Opinião
DESABAFO (I)
A erosão das praias e o descaso com o saneamento são evidentes em Maceió. Há soluções técnicas, mas passam também por fazer com que moradores de outros bairros não só tenham na frágil orla, protegida por corais cada vez mais degradados e sem qualquer proteção, a única opção de lazer e de contato com a natureza. Por que não se recuperam áreas verdes da região do Tabuleiro, antes tão rica de vegetação? Sobrou quase nada, mas há ainda grandes latifúndios urbanos. Somente shopping e casas de materiais de construção? E a orla lagunar (a dos fundos da cidade)? A inexistência de parques em toda região metropolitana só implicará em mais degradação das orlas da Pajuçara e Ponta Verde. A Praia da Avenida tem lá a contribuição contínua e fétida do Salgadinho. Outrora, a praia das areias mais brancas e cristalinas de nosso belo litoral. Fazem monumentos e construções para esconder o que é de mais belo: o mar azul esverdeado único de Alagoas. Quer mais bonito? Como? Só o enfeiam com intervenções descabidas. Por que não constroem os morros artificiais nos bairros onde a maioria do povo vive e que precisa também reverenciar a história dos ilustres alagoanos? Por que não um teatro aberto com o nome do Djavan para se ouvir também um bom forró, que o atual prefeito dizia gostar? Há grotões, atualmente ocupados por populações de baixa renda em condições bastante precárias, onde se adequariam excelentes intervenções neste sentido, além da vegetação a fim de se evitar deslizamentos. Custaria bem menos do que outras obras realizadas que a poucos beneficiaram. Em lugares planos da cidade, os morros monumentos poderiam ter até um efeito de valorizar os bairros apinhados de casas e sem belezas naturais.

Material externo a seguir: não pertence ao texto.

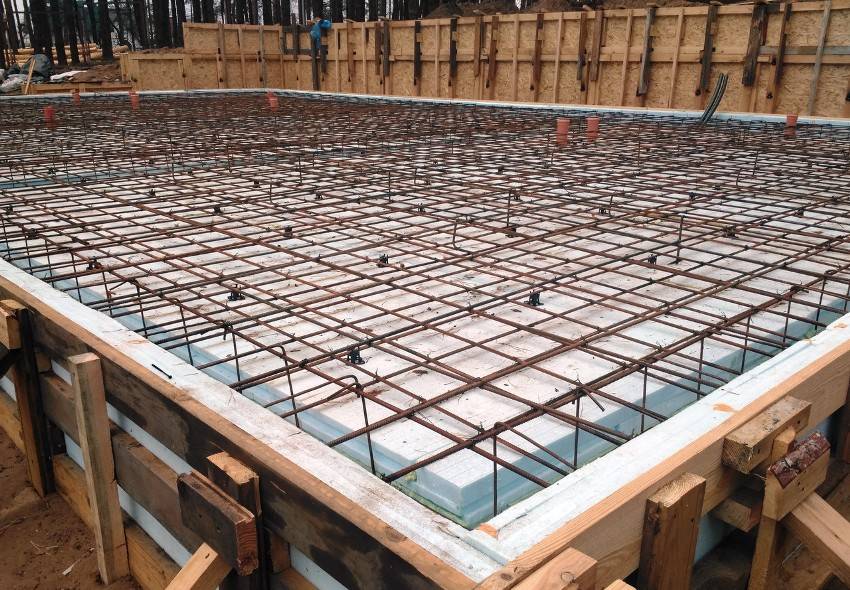 Армирование также выполняется в короткий срок в связи с использованием небольшого количества металлических прутьев. Крепко связанная армированная сетка предотвращает растрескивание бетона, исключает порчу фундамента при естественном движении грунта.
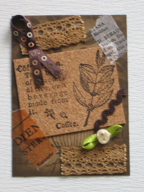 今日のカードはmixiの中の『スタンプでATC!』というコミュのATC Challenge ♯42「 異素材に押してみよう~」 です。今回は紙以外の物に押してみよ~という簡単チャレンジです!皆さん既にメタル、布、革やいろんな素材にスタンプされてますね!インクによってもできたりできなかったり、ある意味実験ですね!というお題です。私は100均で購入したコルクシートにステイズオンで捺しました。コーヒーをテーマに作ったのですが、使用したレースもコーヒーで染めています。今まで過去のチャレンジをしていなかったお題をチャレンジしてきましたが今回のチャレンジで全て過去のチャレンジも終わりです。使用ペーパー:クラフト紙、コルクシート使用スタンプ:Stampington & Company使用インク:StazOn、DistressInkその他:レース、リボン、リックラック、マスキングテープ
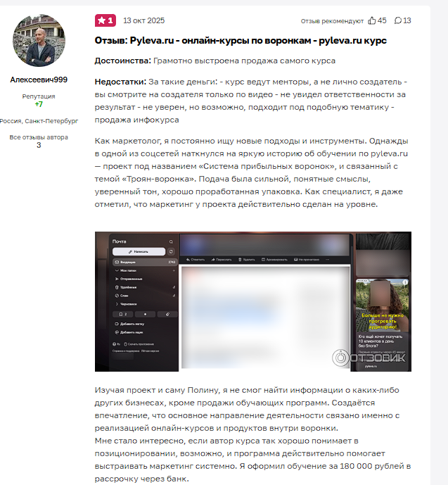 В независимых источниках упоминаний Полины Пылевой практически нет. Например, на ресурсе Otzovik – всего один отзыв о pyleva ru: юзер оценил сотрудничество с коучем в одну звезду. При этом отзыв развёрнутый и с комментариями – мы проанализировали его и выяснили следующее.
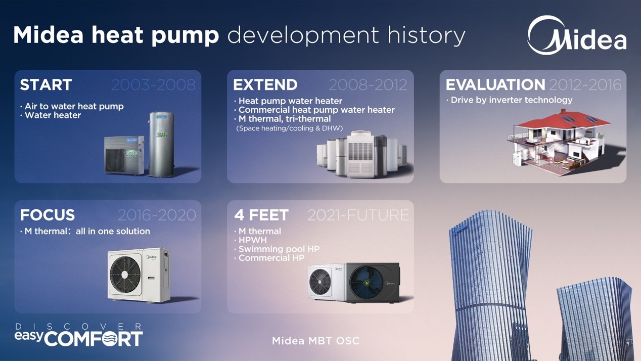 目前,美的樓宇科技已打造出空氣源和水源熱泵等多產(chǎn)品序列,包括用于工程采暖的烈焰系列、戶(hù)式采暖的暖家系列,熱水采暖的熱泉、涌泉系列。應(yīng)用場(chǎng)景覆蓋工農(nóng)生產(chǎn)、商業(yè)綜合體、軌交基建等。此外,2022上半年,美的樓宇科技全變頻風(fēng)冷冷水(熱泵)機(jī)組、MDV FIT機(jī)組、模塊化蒸發(fā)冷渦旋冷水機(jī)組先后發(fā)布,進(jìn)一步夯實(shí)業(yè)務(wù)版圖。此外,與上海航天合作開(kāi)發(fā)NYR100模塊化熱水方艙,模塊預(yù)制、便捷安裝、智能物聯(lián),為疫情防控帶來(lái)“美的”溫度。美的MDV8系列多聯(lián)式空調(diào)(熱泵)機(jī)組海外上市,先后被授予“專(zhuān)特節(jié)精產(chǎn)品”證書(shū)、低碳認(rèn)證證書(shū)和碳足跡評(píng)價(jià)證書(shū),同時(shí),MDV8無(wú)界多聯(lián)機(jī)也榮獲了Intertek頒發(fā)的多張Tick-Mark性能認(rèn)證。
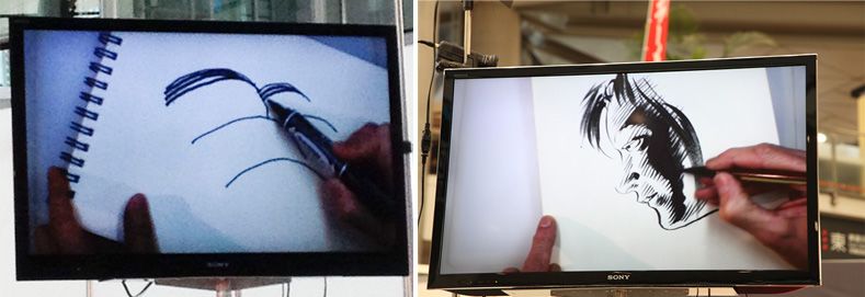 وخلال المناقشة ، تناول أوراساوا مباشرة قلمه وبدأ بالرسم سائلا شوتين عما إذا كان يبدأ الرسم من المناطق قليلة الظل أو الكثيرة في المشهد. وعندئذ رد شوتين برسم صورة وجه إنسان. وقد أعجب الجمهور ببراعة جوابه والتي يمكن تنفيذها في المانغا فقط.
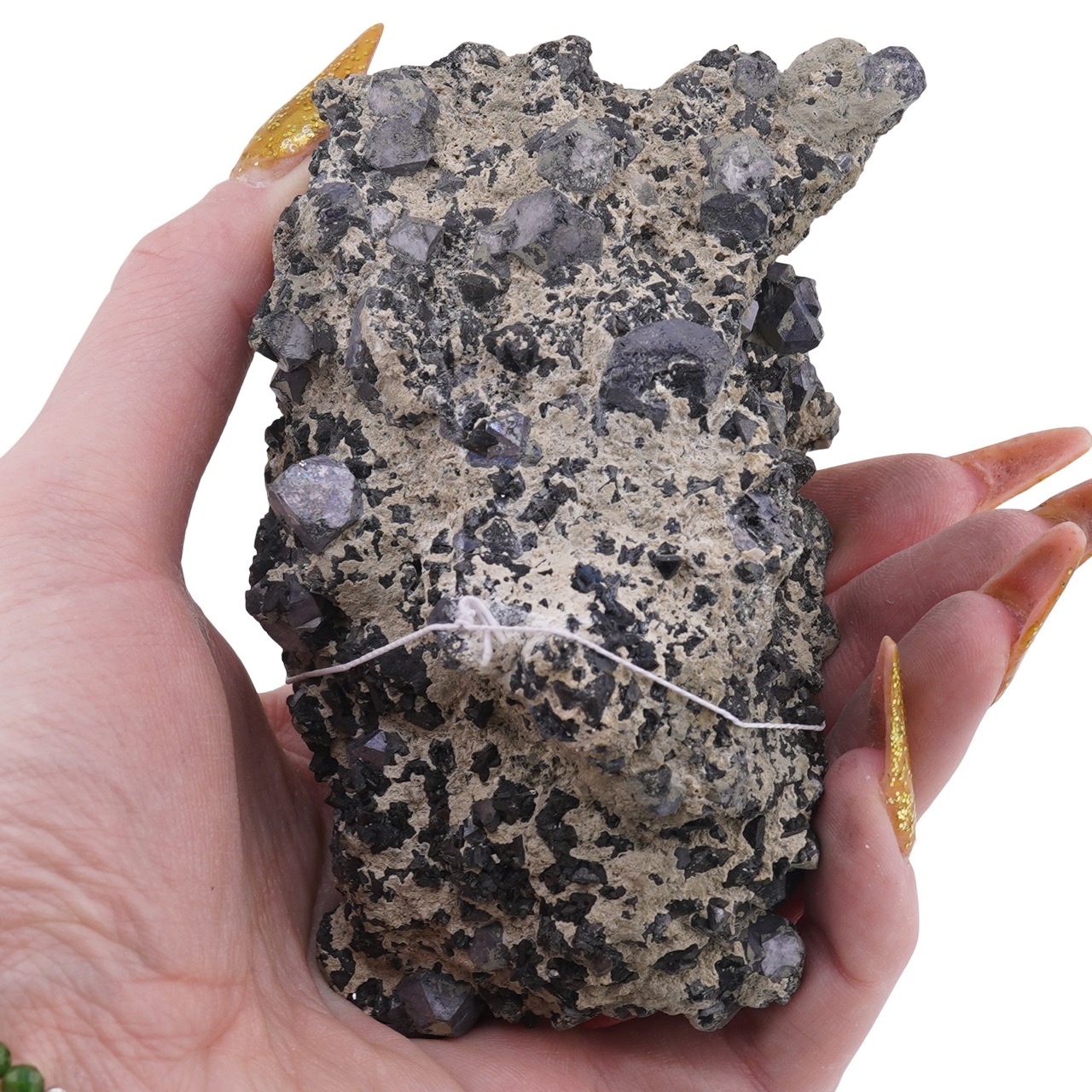 Cu aproximativ 10 × 6 cm și o greutate de circa 491 g, cristalul are un format comod pentru expunere, fie pe birou, fie într-o vitrină dedicată. Este realizat exclusiv din cristal natural, fără adaosuri, astfel încât să păstreze fidel povestea geologică a locului din care provine. În lumină difuză, suprafețele minerale dezvăluie detalii interesante: reflexe discrete ale sfaleritului, muchii ferme de galenă și pelicule verzi de clorit care dau volum și profunzime compoziției.
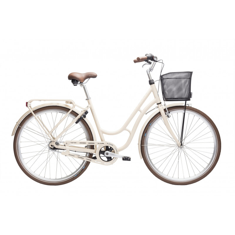 Rejäla skärmar i plåt, pakethållare, lås, stöd, ringklocka, reflexer och belysning, gör sig denna cykel i alla väder och oavsett kläder.
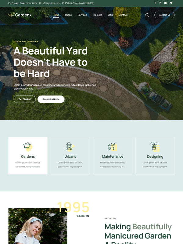 Gardenx is a fresh and modern template for Gardening & Landscaping Services,
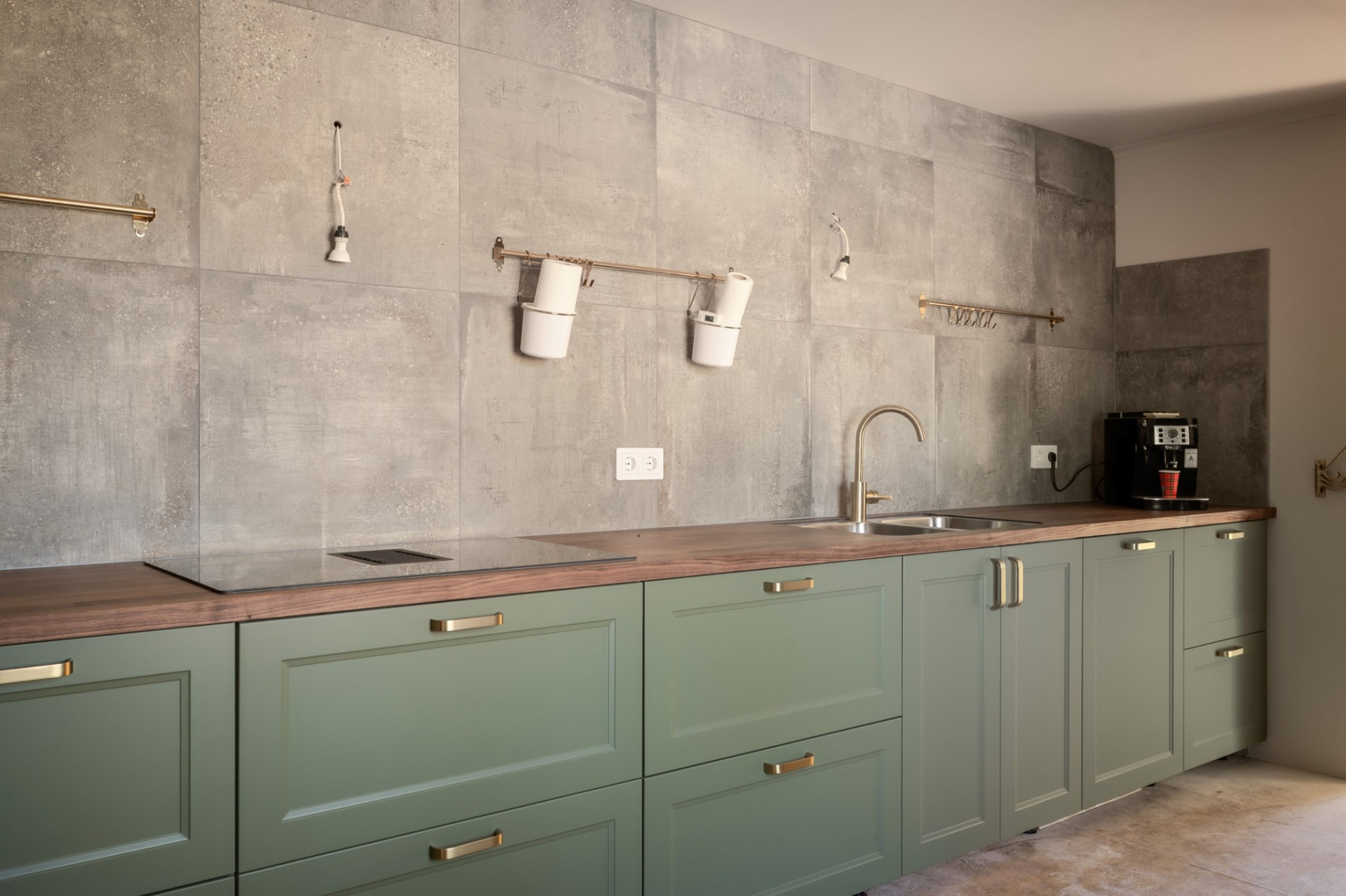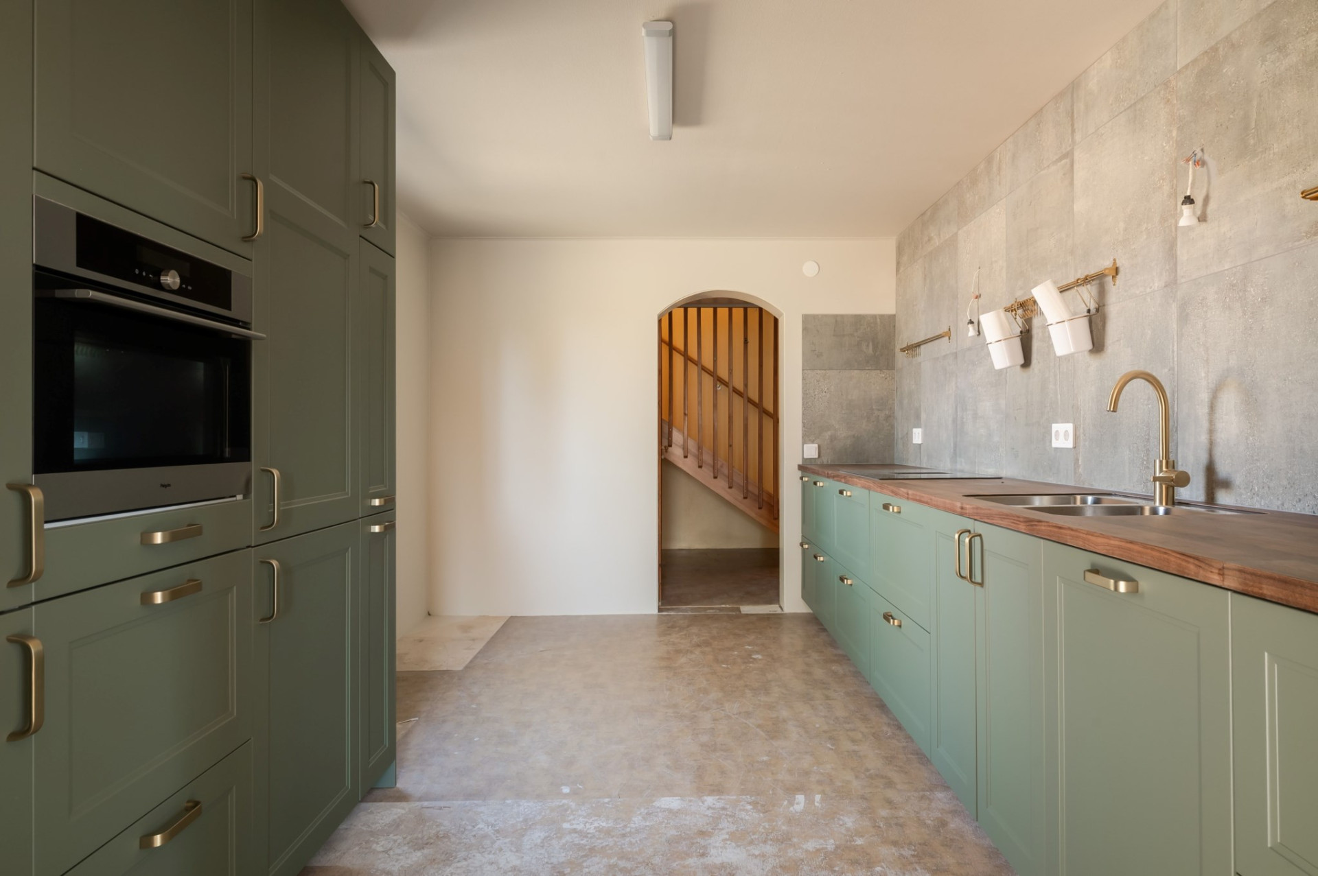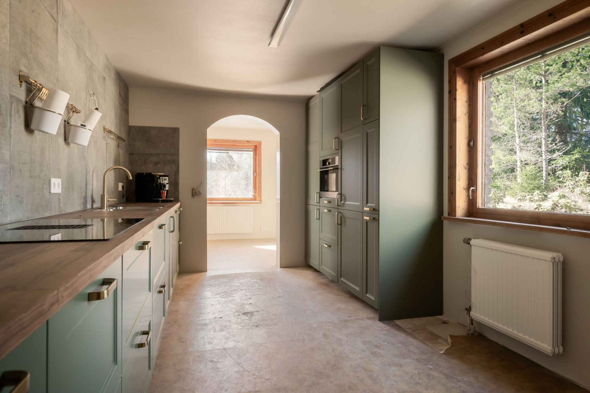 Nyrenoverat kök i smakfull design. Här finns goda ytor samt förvaringsmöjligheter. Integrerad kyl och frys, diskmaskin samt spishäll med fläkt.

Noutra área com um morro daquele da Pajuçara até que não seria má ideia... Tudo isto clama por maior conscientização de todos e, máxime, por parte dos atuais e futuros gestores públicos, muitos deles desafinados com o interesse da comunidade e preocupados apenas com a preservação ou tomada do poder por meio de eleições a cada dois anos que se tornaram, por isso, nos horizontes máximos da visão e planejamento para fins apenas eleitorais. É um porre de democracia exclusivamente de curto prazo que só deseduca e tira sossego de todos por campanhas que parecem mais zombar de nós, os eleitores, de tanta poluição sonora e visual. Até quando?